What the task requires: Once you find the line with "Praktischer Blumenständer im" in the data that follows, repeat it and every line after it exactly, through the line with "- 1 Cama de".

Recorded data:
================================

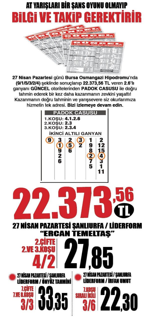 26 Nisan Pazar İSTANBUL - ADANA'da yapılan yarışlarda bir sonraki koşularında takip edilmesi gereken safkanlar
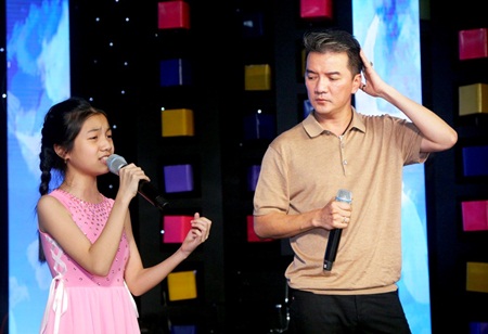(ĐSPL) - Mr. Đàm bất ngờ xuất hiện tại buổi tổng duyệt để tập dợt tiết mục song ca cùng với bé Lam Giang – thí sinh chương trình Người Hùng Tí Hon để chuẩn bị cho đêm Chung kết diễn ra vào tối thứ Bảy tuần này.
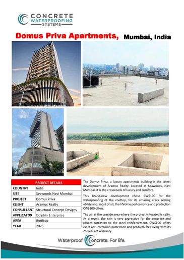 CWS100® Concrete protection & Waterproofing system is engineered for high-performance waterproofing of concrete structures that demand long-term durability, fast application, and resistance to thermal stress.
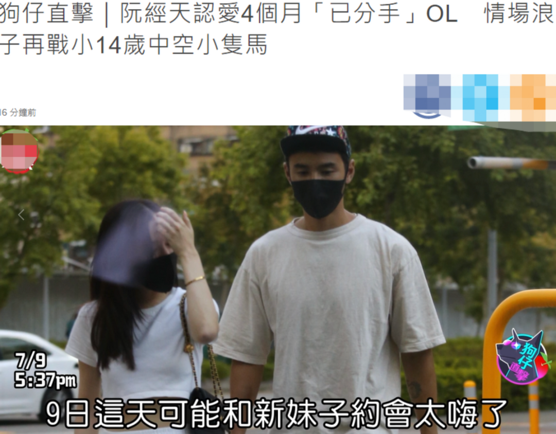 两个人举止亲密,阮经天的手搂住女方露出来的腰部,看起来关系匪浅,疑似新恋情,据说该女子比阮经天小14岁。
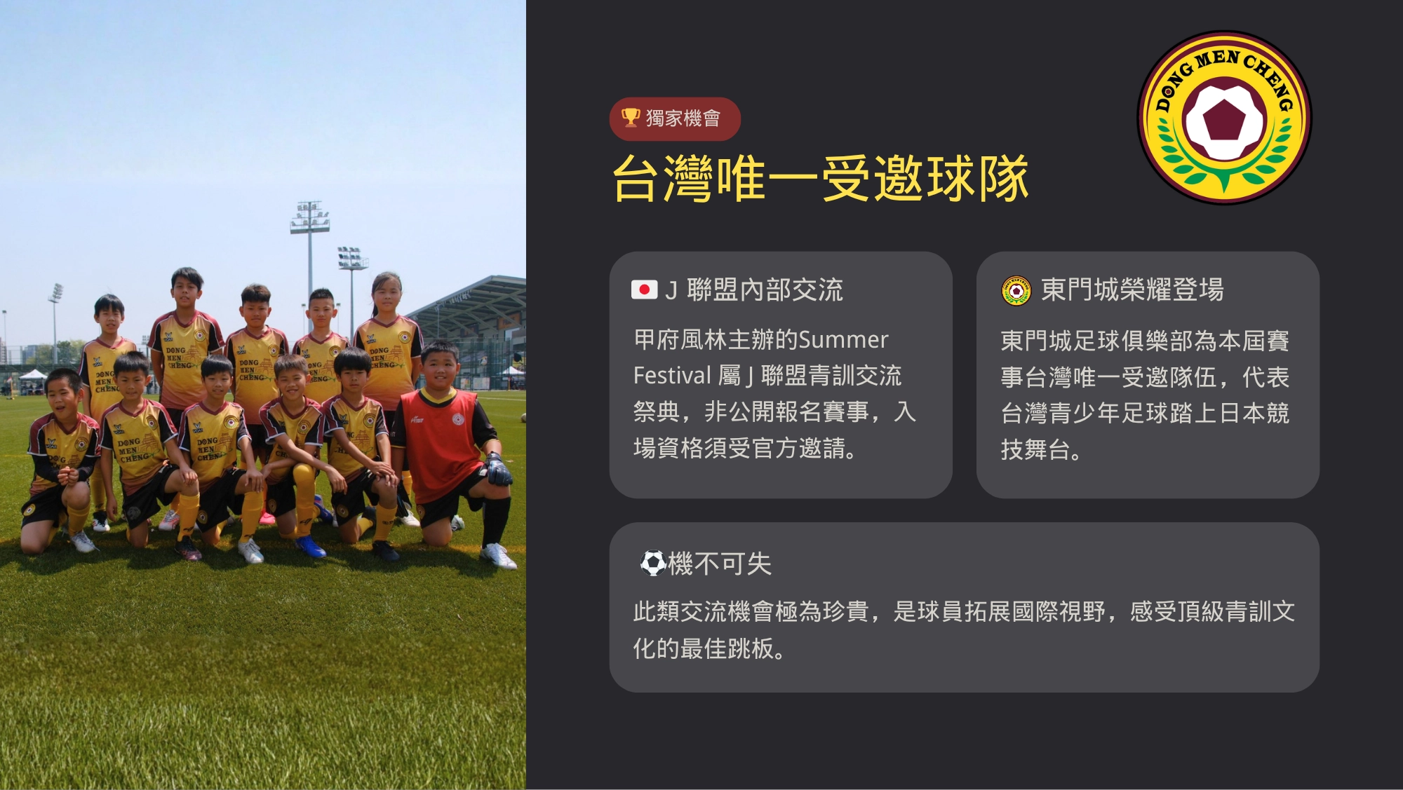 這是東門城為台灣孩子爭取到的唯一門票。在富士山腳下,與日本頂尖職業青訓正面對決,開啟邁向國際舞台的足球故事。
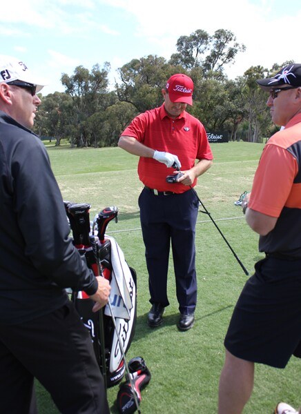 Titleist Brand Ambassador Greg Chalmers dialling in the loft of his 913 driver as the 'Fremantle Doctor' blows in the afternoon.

================================

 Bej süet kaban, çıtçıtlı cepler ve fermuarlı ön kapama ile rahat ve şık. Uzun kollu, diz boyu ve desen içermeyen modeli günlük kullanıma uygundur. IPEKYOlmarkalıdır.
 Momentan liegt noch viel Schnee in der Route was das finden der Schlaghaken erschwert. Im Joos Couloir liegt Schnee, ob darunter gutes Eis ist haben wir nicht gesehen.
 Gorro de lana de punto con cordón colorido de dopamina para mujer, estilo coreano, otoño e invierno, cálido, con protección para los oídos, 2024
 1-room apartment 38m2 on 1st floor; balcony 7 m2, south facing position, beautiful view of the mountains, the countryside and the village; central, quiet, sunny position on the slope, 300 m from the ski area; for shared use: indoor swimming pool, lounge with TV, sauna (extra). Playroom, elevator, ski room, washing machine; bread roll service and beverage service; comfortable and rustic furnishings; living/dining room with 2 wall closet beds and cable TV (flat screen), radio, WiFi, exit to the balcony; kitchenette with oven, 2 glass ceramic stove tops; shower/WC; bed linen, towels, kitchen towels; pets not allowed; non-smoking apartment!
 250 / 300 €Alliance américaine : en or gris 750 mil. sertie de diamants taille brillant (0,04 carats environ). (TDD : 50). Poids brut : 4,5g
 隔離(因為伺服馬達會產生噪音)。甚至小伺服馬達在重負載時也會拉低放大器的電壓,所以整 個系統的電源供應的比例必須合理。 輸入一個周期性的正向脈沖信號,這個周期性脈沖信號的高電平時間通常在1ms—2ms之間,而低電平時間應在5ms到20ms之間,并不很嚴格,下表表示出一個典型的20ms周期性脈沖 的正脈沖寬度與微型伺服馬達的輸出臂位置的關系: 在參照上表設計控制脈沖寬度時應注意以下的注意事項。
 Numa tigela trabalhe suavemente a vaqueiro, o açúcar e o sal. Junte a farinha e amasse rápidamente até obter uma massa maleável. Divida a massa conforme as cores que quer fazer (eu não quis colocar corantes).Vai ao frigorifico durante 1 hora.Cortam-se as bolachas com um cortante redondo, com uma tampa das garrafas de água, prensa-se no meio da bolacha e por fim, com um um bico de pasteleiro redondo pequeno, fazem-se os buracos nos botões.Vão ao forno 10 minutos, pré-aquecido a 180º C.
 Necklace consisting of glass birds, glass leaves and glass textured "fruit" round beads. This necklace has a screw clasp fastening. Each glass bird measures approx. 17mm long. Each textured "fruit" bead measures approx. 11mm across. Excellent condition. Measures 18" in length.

================================

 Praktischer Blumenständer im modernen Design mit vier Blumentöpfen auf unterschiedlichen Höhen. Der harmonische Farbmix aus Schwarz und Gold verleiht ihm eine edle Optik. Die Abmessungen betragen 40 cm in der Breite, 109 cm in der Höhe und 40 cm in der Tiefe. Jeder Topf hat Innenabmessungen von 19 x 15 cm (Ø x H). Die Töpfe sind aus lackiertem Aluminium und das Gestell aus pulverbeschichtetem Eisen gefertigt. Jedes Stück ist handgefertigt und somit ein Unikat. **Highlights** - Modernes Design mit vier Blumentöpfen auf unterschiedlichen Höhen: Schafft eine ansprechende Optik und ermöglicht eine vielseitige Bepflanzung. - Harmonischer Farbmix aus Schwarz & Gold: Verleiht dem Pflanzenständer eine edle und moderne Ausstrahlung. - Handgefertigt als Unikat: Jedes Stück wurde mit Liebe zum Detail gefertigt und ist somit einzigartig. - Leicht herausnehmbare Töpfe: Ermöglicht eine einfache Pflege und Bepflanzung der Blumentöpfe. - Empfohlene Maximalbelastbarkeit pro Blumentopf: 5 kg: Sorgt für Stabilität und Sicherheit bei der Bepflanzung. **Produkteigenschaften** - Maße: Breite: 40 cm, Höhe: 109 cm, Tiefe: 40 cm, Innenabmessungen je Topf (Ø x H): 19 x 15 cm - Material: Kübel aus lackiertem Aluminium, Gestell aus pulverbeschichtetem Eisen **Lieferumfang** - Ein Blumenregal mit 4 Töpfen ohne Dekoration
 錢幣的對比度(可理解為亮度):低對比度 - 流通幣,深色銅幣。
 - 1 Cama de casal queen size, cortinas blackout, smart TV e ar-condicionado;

================================

Solution for this exercise:
 Praktischer Blumenständer im modernen Design mit vier Blumentöpfen auf unterschiedlichen Höhen. Der harmonische Farbmix aus Schwarz und Gold verleiht ihm eine edle Optik. Die Abmessungen betragen 40 cm in der Breite, 109 cm in der Höhe und 40 cm in der Tiefe. Jeder Topf hat Innenabmessungen von 19 x 15 cm (Ø x H). Die Töpfe sind aus lackiertem Aluminium und das Gestell aus pulverbeschichtetem Eisen gefertigt. Jedes Stück ist handgefertigt und somit ein Unikat. **Highlights** - Modernes Design mit vier Blumentöpfen auf unterschiedlichen Höhen: Schafft eine ansprechende Optik und ermöglicht eine vielseitige Bepflanzung. - Harmonischer Farbmix aus Schwarz & Gold: Verleiht dem Pflanzenständer eine edle und moderne Ausstrahlung. - Handgefertigt als Unikat: Jedes Stück wurde mit Liebe zum Detail gefertigt und ist somit einzigartig. - Leicht herausnehmbare Töpfe: Ermöglicht eine einfache Pflege und Bepflanzung der Blumentöpfe. - Empfohlene Maximalbelastbarkeit pro Blumentopf: 5 kg: Sorgt für Stabilität und Sicherheit bei der Bepflanzung. **Produkteigenschaften** - Maße: Breite: 40 cm, Höhe: 109 cm, Tiefe: 40 cm, Innenabmessungen je Topf (Ø x H): 19 x 15 cm - Material: Kübel aus lackiertem Aluminium, Gestell aus pulverbeschichtetem Eisen **Lieferumfang** - Ein Blumenregal mit 4 Töpfen ohne Dekoration
 錢幣的對比度(可理解為亮度):低對比度 - 流通幣,深色銅幣。
 - 1 Cama de casal queen size, cortinas blackout, smart TV e ar-condicionado;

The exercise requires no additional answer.